国税の“伝家の宝刀”である同族会社の行為計算否認規定について、その適用の是非をめぐり国税不服審判所で争われていたことが分かりました。

 審査請求を行ったのは、建築内装材を製造・販売するA社です。A社はaとbという親子が代表取締役に就任しており、bは関連会社B社の代表取締役でもありました。
 B社は共同経営者の使い込みなどで債務超過の状態にあり、A社に増資を要請。A社は要請に応じて3千万円を払い込み、全額を投資有価証券勘定に計上しました。その後、B社が精算となり、精算結了時に同額を投資損失として損金の額に算入し法人税を申告しました。
 しかし、税務署は「B社には合理的な再建計画がなく、増資時には解散に向けた行動をとっていた。A社が損失負担などをすることについて理由がなく、増資に合理性がない」として、払込金は払込時の寄付金と判断。同族会社の行為計算否認規定を適用して否認しました。
 これに対し請求人は「B社は関連会社であり、顧客や取引先への影響を抑えるため損失負担を行うには理由があった」と主張しました。

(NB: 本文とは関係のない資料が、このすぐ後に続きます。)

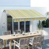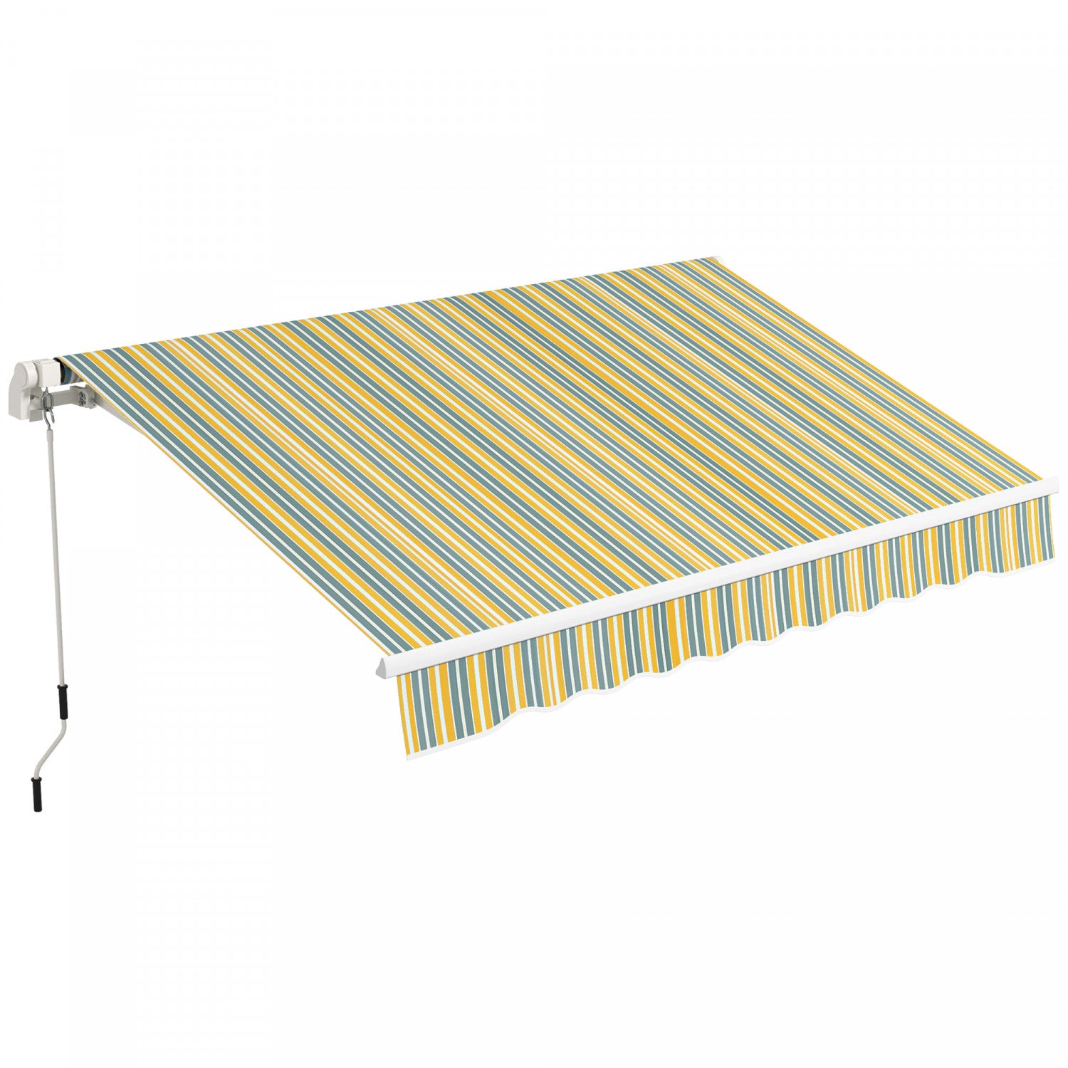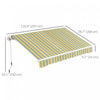 | Additional Information | ● Colour: Yellow and Grey ● Materials: 280 GSM Polyester, Aluminum, Metal ● Overall Dimensions: 116.9" W x 78.7" D (297 x 200 cm) ● Crank Handle: 59.1" L (150 cm) ● Power Cord Length: 4.4 ft (1.35 m) ● Recommended Installation Height: 8.2-11.5 ft (2.5-3.5 m) ● Rated Voltage: AC 110V-240V, 50/60Hz ● Wind Proof Level: 2 ● Item Label: 840-266V81MX |
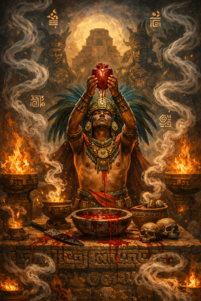 Os deuses maias não eram entidades distantes. Habitavam o milho, o vento, a chuva e o sangue. Para dialogar com eles, era preciso oferecer algo vivo, pulsante, carregado de k’uh, a energia sagrada que sustentava o cosmos. O sangue humano, sobretudo o de reis, sacerdotes e guerreiros, era visto como a seiva mais poderosa, capaz de abrir portais entre os mundos.
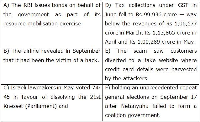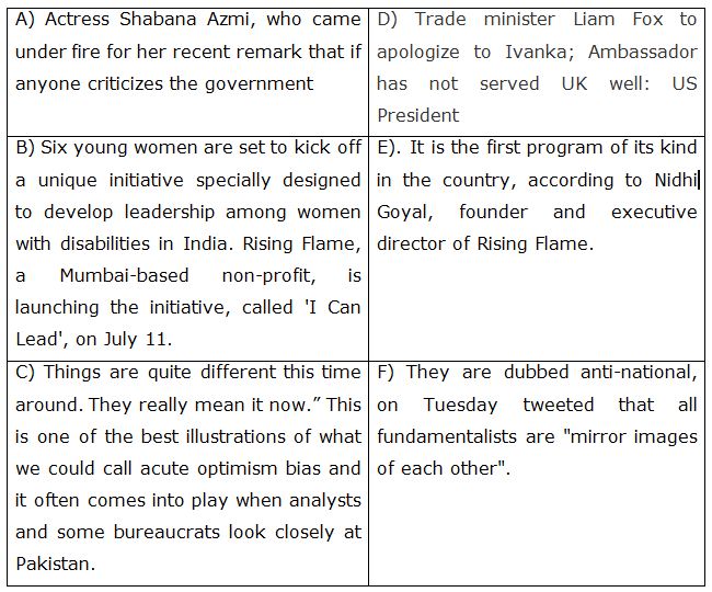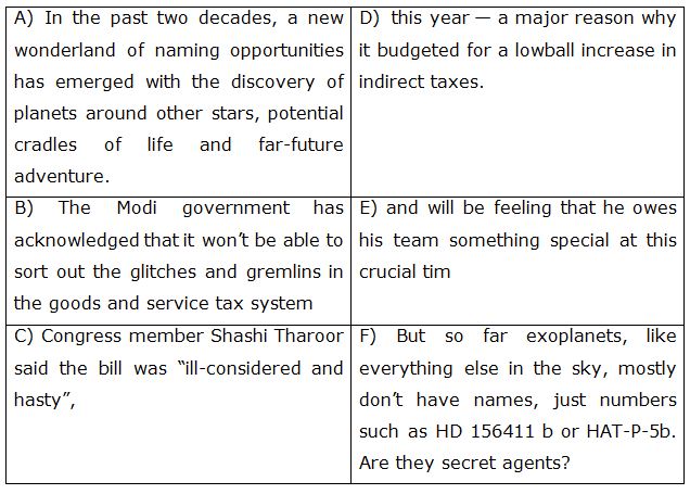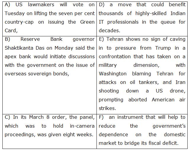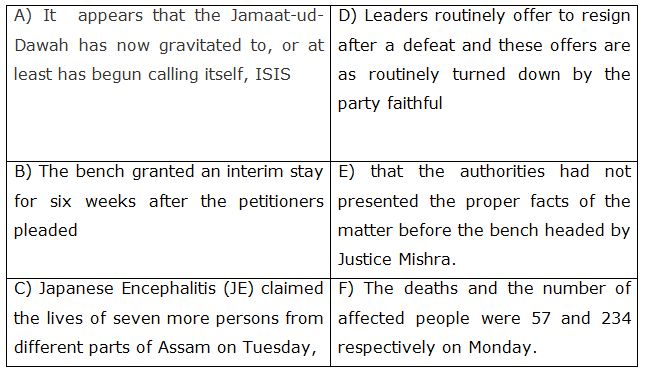 Direction (6-10): In the following questions two columns are given containing three Sentences/phrases each. In first column, sentences/phrases are A, B and C and in the second column the sentences/phrases are D, E and F. A sentence/phrase from the first column may or may not connect with another sentence/phrase from the second column to make a grammatically and contextually correct sentence. Each question has five options, four of which display the sequence(s) in which the sentences/phrases can be joined to form a grammatically and contextually correct sentence. If none of the options given forms a correct sentence after combination, mark (e), i.e. “None of these” as your answer.
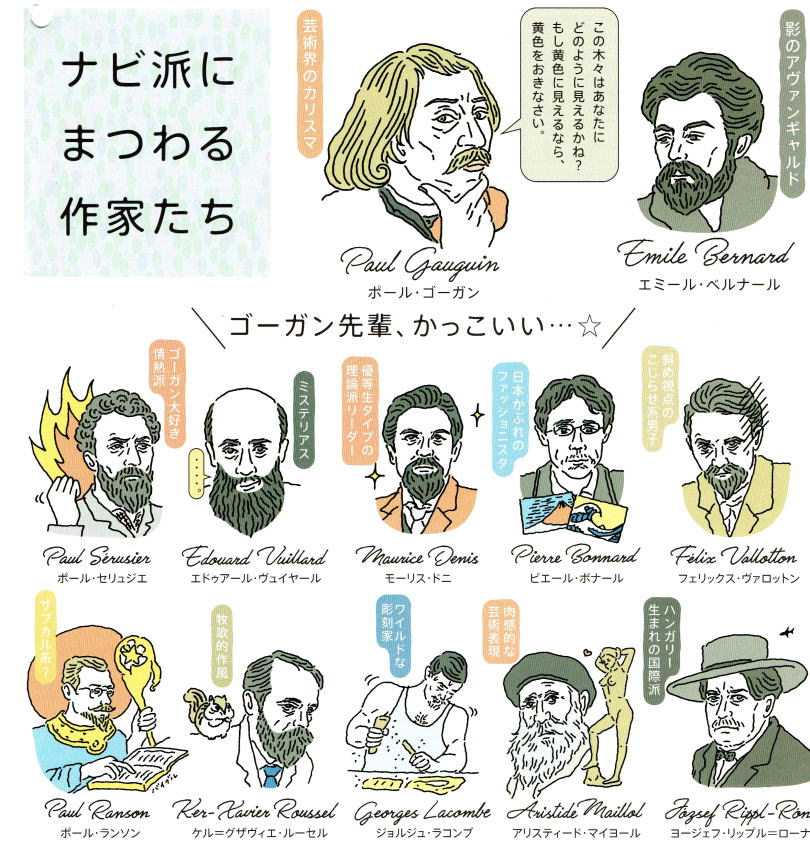19世紀末のパリで、ゴーガンから影響を受け、自らを「ナビ(預言者)」と呼んで、前衛的な活動を行ったボナール、ヴュイヤール、ドニ、セリュジエ、ヴァロットンらを中心とする若き芸術家のグループ「ナビ派」の画家たちは、新たな芸術表現「近代都市生活の諸相を平坦フラットな色の面で表す装飾性と、目に見えないものを描く内面性――日常と神秘」をあわせ持ち、革新的な芸術活動を行った。
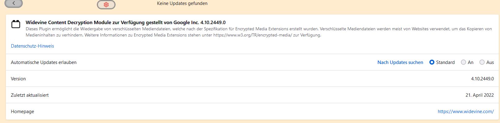 könnt ihr bitte mal bei den Plugins gucken ob ihr bei dem Widevine widewinve content Plugin die Version 4.10.2449.0 habt und wann sich das installiert hat?
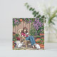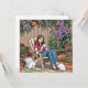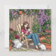 Uma bela ilustração do ai feita em um estilo de desenho animado de uma senhora bebendo café no seu pátio fora com seus dois gatos brancos. Ela está rodeada por belas cercas de Clematis roxa e outras plantas bonito.
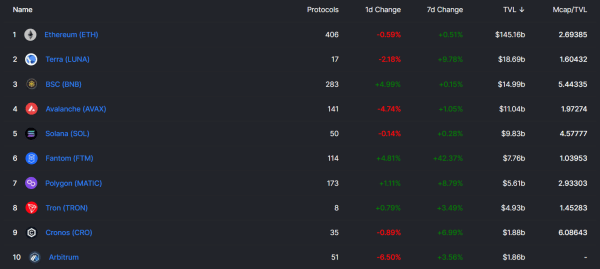 1月17日,据DefiLlama数据,在TVL排名前10 名的区块链平台中波场?TRON的市值(Mcap)/锁仓总价值(TVL)率较低,Mcap /TVL 的比值越低,则代表该区块链越被低估。也表明了波场TRX正被低估。
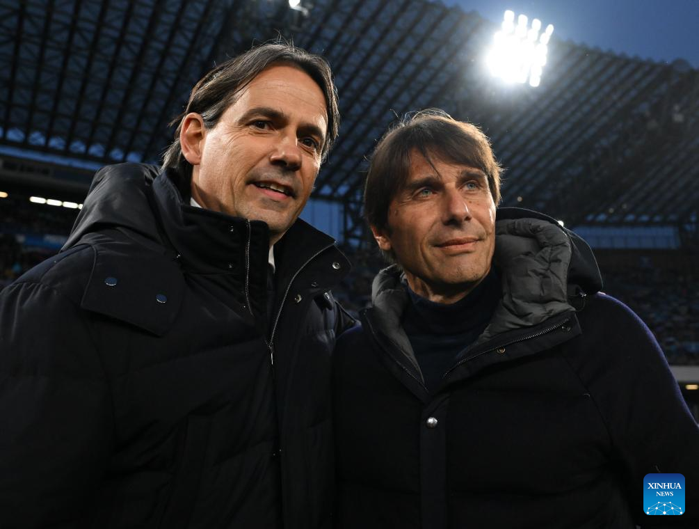 Inter Milan's head coach Simone Inzaghi (L) greets Napoli's head coach Antonio Conte before a Serie A football match between Napoli and Inter Milan in Naples, Italy, March 1, 2025. (Photo by Alberto Lingria/Xinhua)
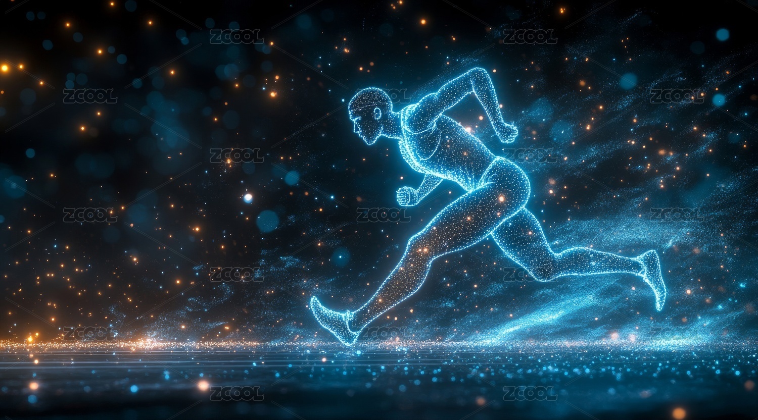 抽象运动员跑步的轮廓,深蓝色发光粒子背景
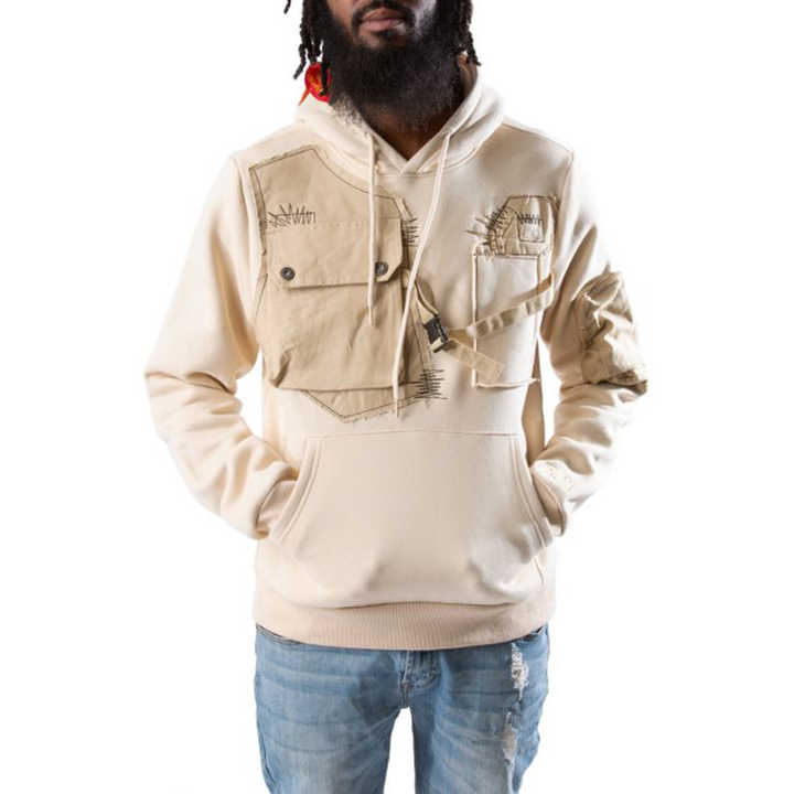 Dec Oem Wholesale Slim Fit Hoodies Unisex Corded Weave Patchwork Cargo Pockets Beige Plain Hoodie DDP Shipping

 審判所はこの争いについて、「A社とB社は資金融通関係もなく、増資直前に資本関係はなかったことからすると、請求人が増資を引き受けなければならない特段の事情があったとはいえない」とし、増資を行ったことは「純経済人の行為として不自然、不合理なものと認められる」と判断。「増資は寄付金とまではいえない」として原処分庁の判断を一部取り消したものの、法人税の賦課課税を結論づけました。